In porting this device to other systems, there are a number of issues
to consider. Some of these are correctness issues and are particularly
important, because they deal with ensuring that there are no race
conditions in load/stores.  Such correctness problems may show up only
at high load or numbers of processes, and so it is important to be
careful with them.

Other issues address performance problems.  With this device, very
good performance is possible.  But a single misstep (say an extra
cache miss caused by an out-of-order load or store) can cause a
significant performance degradation.

Choice of device: 

If it is possible to make ALL memory (including the
stack) visible from other "processes" (process in the MPI sense, see
below), then a modification of this device that does single copies from
source to destination, at least for long messages (rendezvous) should be used.

Correctness:

Is the system (hardware + software) sequentially consistent?  If not,
can it be forced to be (e.g., through the use of "sync" instructions
and special compiler options)?  Are a subset of instructions sequentially
consistent (e.g., vector move instructions)?

Is the system cache-coherent?  If not, is there a way to avoid forcing
cache flushes (for example, using cache bypass instructions for all read/write
operations)?  Systems with vector instructions (and assembly routines) may
find those useful.

Performance:

These are not so much a series of steps as things to think about.

What is the cache line size (both to avoid false sharing in locks and to
attempt to reduce the number of separate cache lines touched)?

What is the best way to transfer a cache line from one processor to another?

Is the cache write-through or write-back?

What is the best way (in terms of performance) to allocate shared
memory (for example, is shmat preferable to mmap?  mmap with special
options?)?

Are there ways to implement lock-free single consumer/multiple writer
queues and/or stacks?

What is the fastest way to perform a memcpy?  Can special
alignment/length rules help?

What are the preferred locks?  Can special locks be written that are
faster (e.g., not persistent like SYSV or not nestable like some
thread locks)?

Are there performance improvement tools?  What is the preferred way of tuning 
a program?  Are there special restrictions (e.g., not on forked programs
or threaded programs)?

What is the penalty for a cache miss?  Are there TLB issues?  

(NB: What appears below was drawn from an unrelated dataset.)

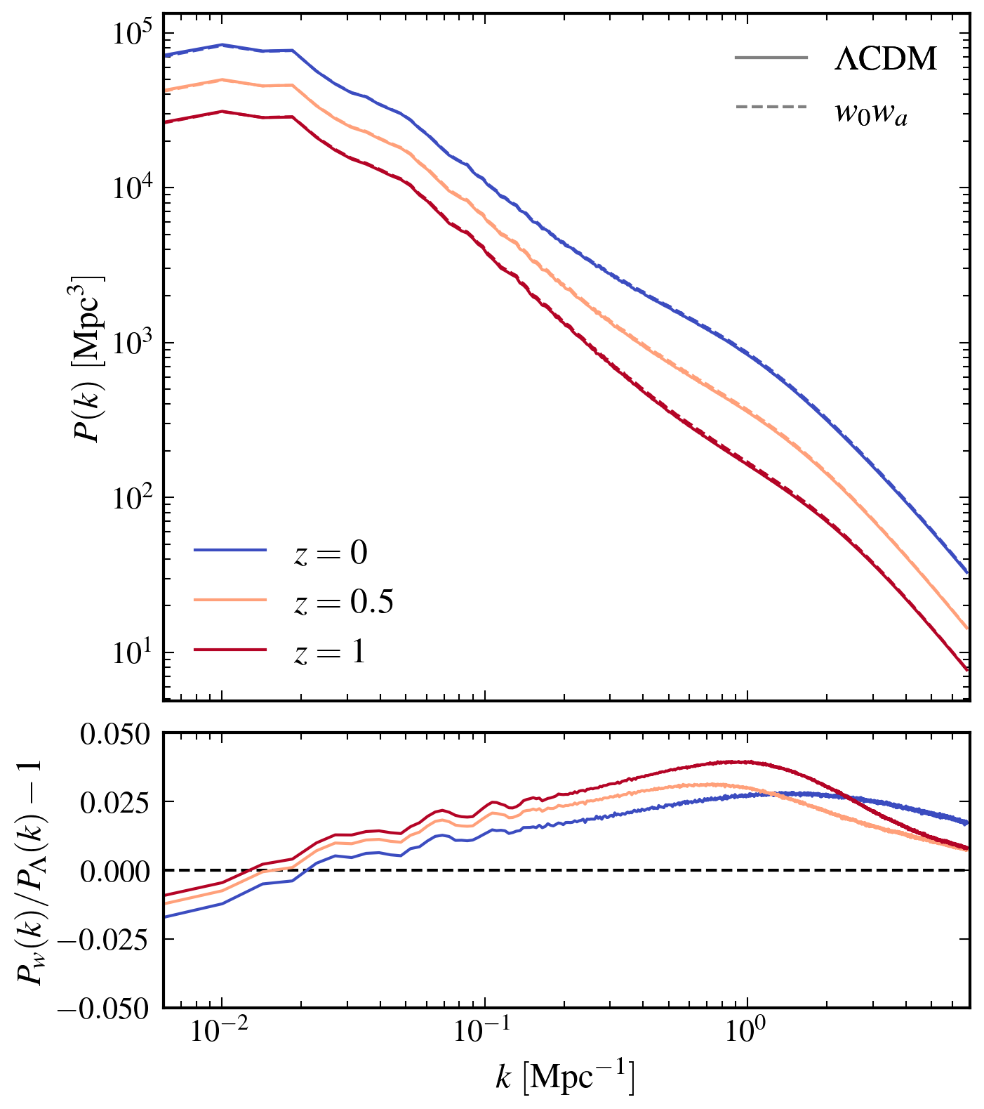 In alto: confronto degli spettri di potenza della materia ottenuti nelle due simulazioni: linea continua per il modello ΛCDM, linea tratteggiata per il modello w₀wₐCDM, mostrati a tre diverse epoche cosmiche: z = 0 (colore blu), z = 0.5 (rosa) e z = 1 (rosso).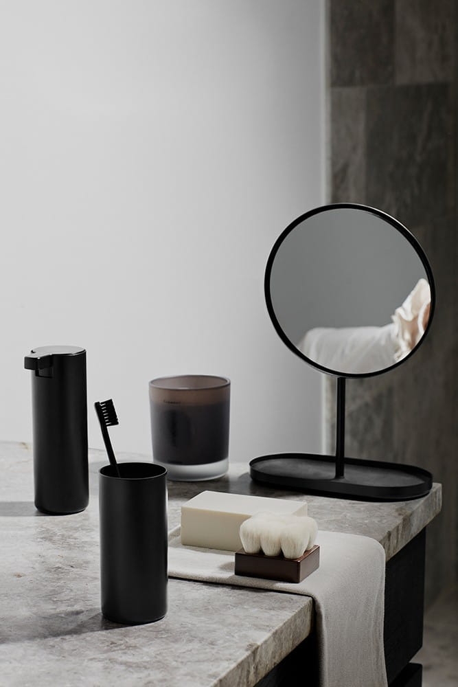 Lusterko z podstawką, powiększające(5x). Regulowana forma pozwala dostosować kąt nachylenia do własnych potrzeb. Wykonanie ze stali pokrytej warstwą tytanu zapewniającą wyjątkową odporność na zarysowania i korozje.

What is the proper way to implement a spin look in an exclusive-use
environment?  In an over-subscribed environment?

How are "processes" scheduled?  Can they be gang-scheduled?  Note that
this may suggest different strategies for creating the processes (most
MPI applications are more efficient if gang-scheduled).

Is there a high-resolution, low-overhead clock?  In an SMP, is the
same value returned by all processors (so that MPI_WTIME_IS_GLOBAL can
be set true)?

Miscellany:

If you DO use the SYSV routines, be sure that the users know about the
dangers.  The script util/cleanipcs can be used to remove all ipcs.
WARNING: if another application is using the SYSV ipcs deliberatly (i.e., 
is still running or is exploiting their persistence), cleanipcs will 
break that application.  Users should use ipcs and ipcrm in that case.

The "ready" value that is used is a single 0/1 value.  Since an entire
word is used, this could contain more data as long as an empty
indication was always easy to test for (probably must be 0 for that,
at least in some bit).  One possibility is to store the address of the
receivable packet instead of "1"; in this case, the user can run
through the packet ready list (possibly with a vector or
cache-optimized loop) and, once a ready packet is found, needs not
compute the address of the packet.

It may (or may not!) be a good idea to put the "ready" indicator into
the packet.